Saturday, July 27, 2024
Chapter 47

It is the responsibility of the abbot and prioress to announce, day and night, the hour for the Opus Dei. They may do so personally or delegate the responsibility to a conscientious member, so that everything may be done at the proper time.

Only those so authorized are to lead psalms and refrains, after the prioress or abbot according to their rank. No monastics should presume to read or sing unless they are able to benefit the hearers; let this be done with humility, seriousness and reverence, and at the bidding of the prioress or abbot.

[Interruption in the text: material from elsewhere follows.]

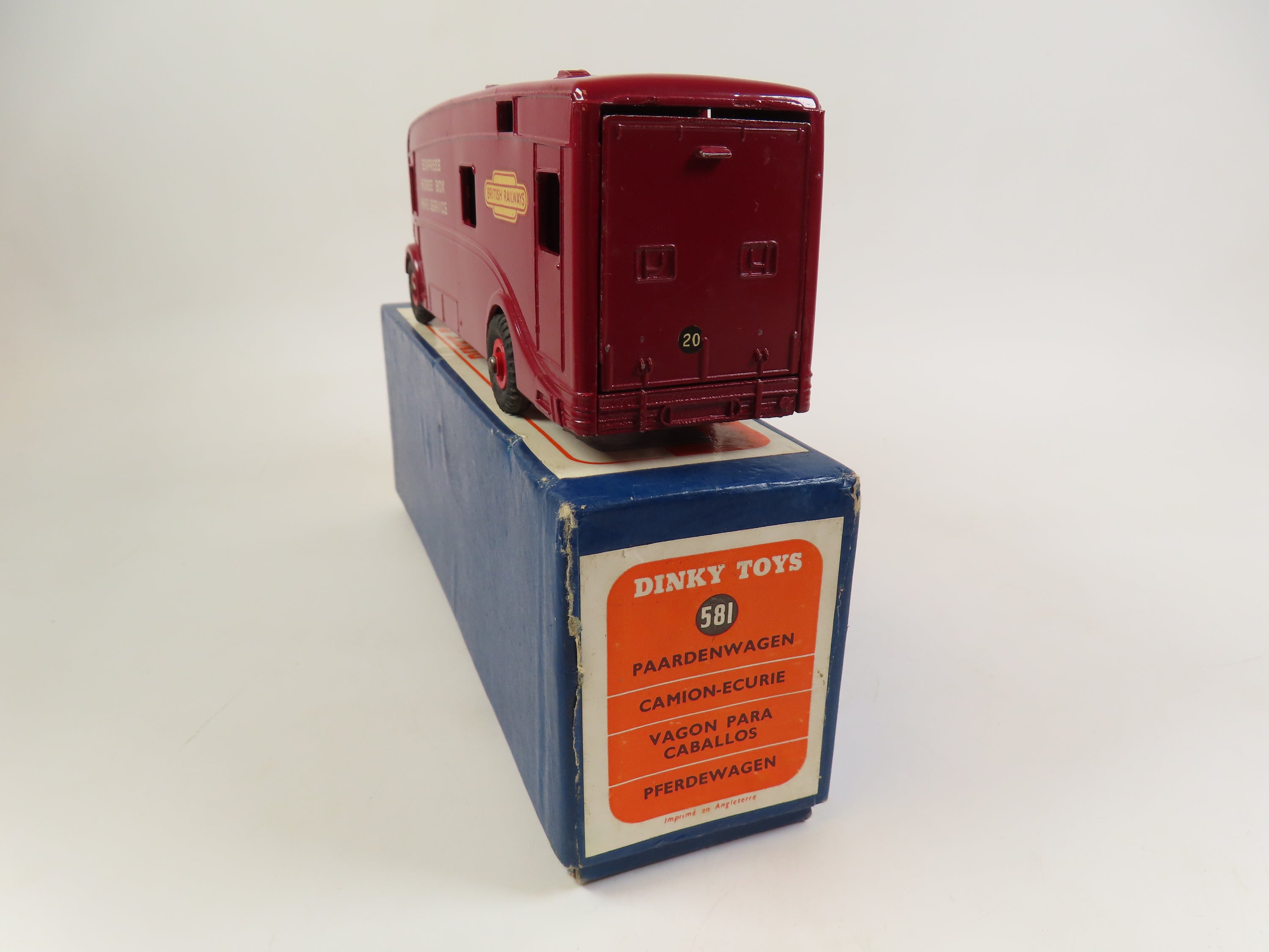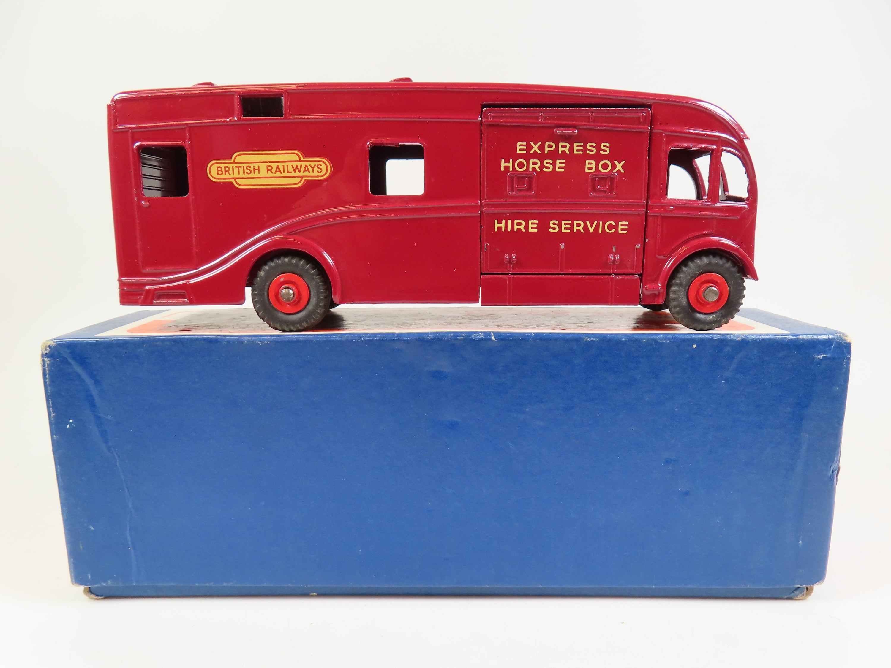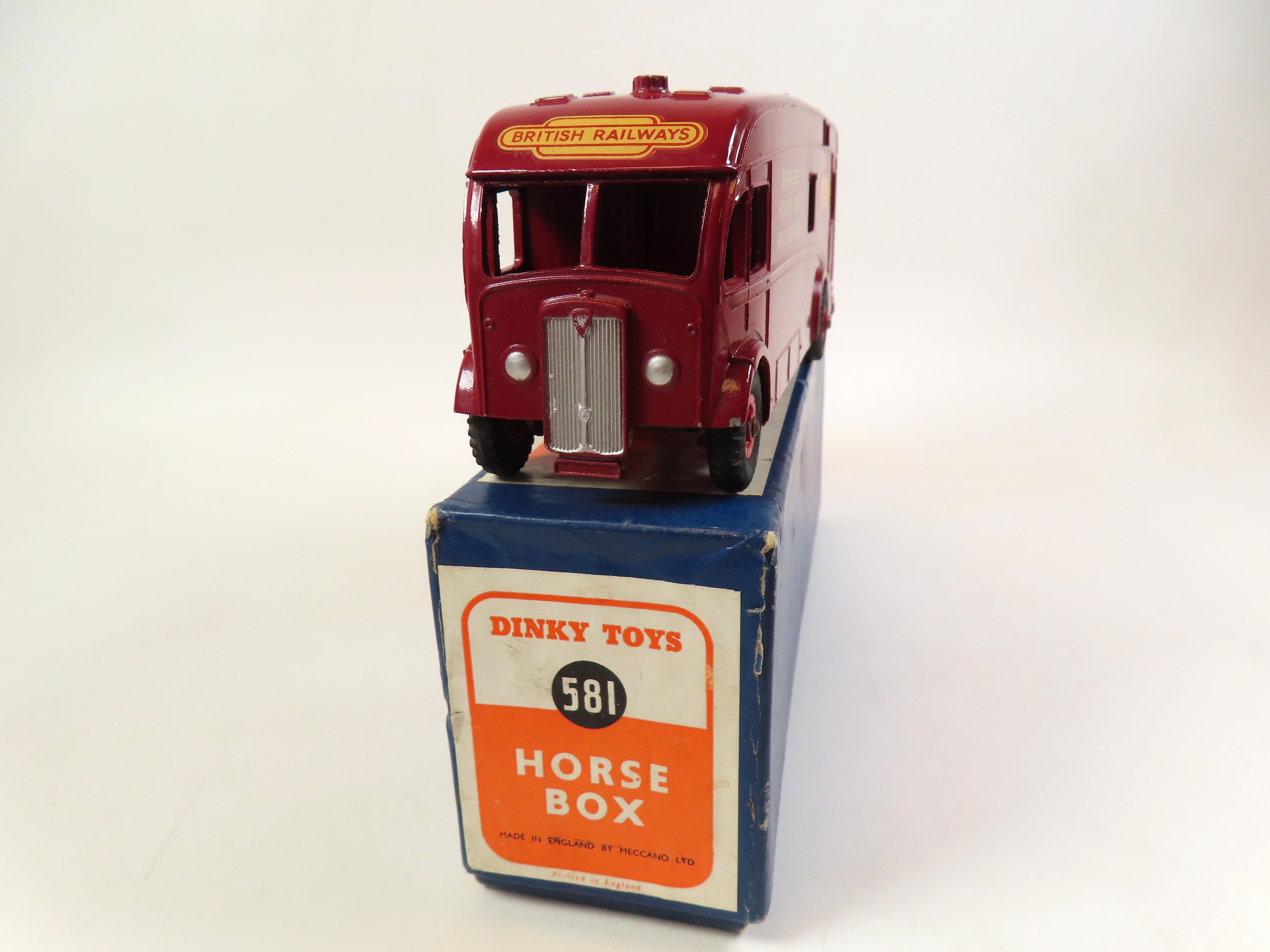 Dinky 581 Horse Box in maroon with red hubs and 'Express Horse Box Hire Service' lettering & British Railways decals to each side and the front.

Prayer in a Benedictine community is to be both regular and artistic and it is the role of leadership to see that this is so. In a culture without alarm clocks and in a community that prayed in the middle of the night, the responsibility was a major one. Even centuries later, however, when we all rouse ourselves to the sound of clock radios or a dozen other automatic devices and have no need for bellringers, the situation is just as serious. The message under the message is that unless the group becomes more and more immersed in prayer and the scriptures, giving them priority no matter what the other pressures of the day, the group will cease to have any authenticity at all. It will cease to develop. It will dry up and cave in on itself and become more museum than monastery. This stress on our responsibility to call ourselves to prayer is an insight as fresh for the twenty-first century as it was for the sixth. For all of us, prayer must be regular, not haphazard, not erratic, not chance. At the same time, it cannot be routine or meaningless or without substance. Prayer has to bring beauty, substance and structure to our otherwise chaotic and superficial lives or it is not long before life itself becomes chaotic and superficial. A life of spiritual substance is a life of quality. The Tao puts it this way:

She who is centered in the Tao
can go where she wishes, without danger.
She perceives the universal harmony,
even amid great pain,
because she has found peace in her heart.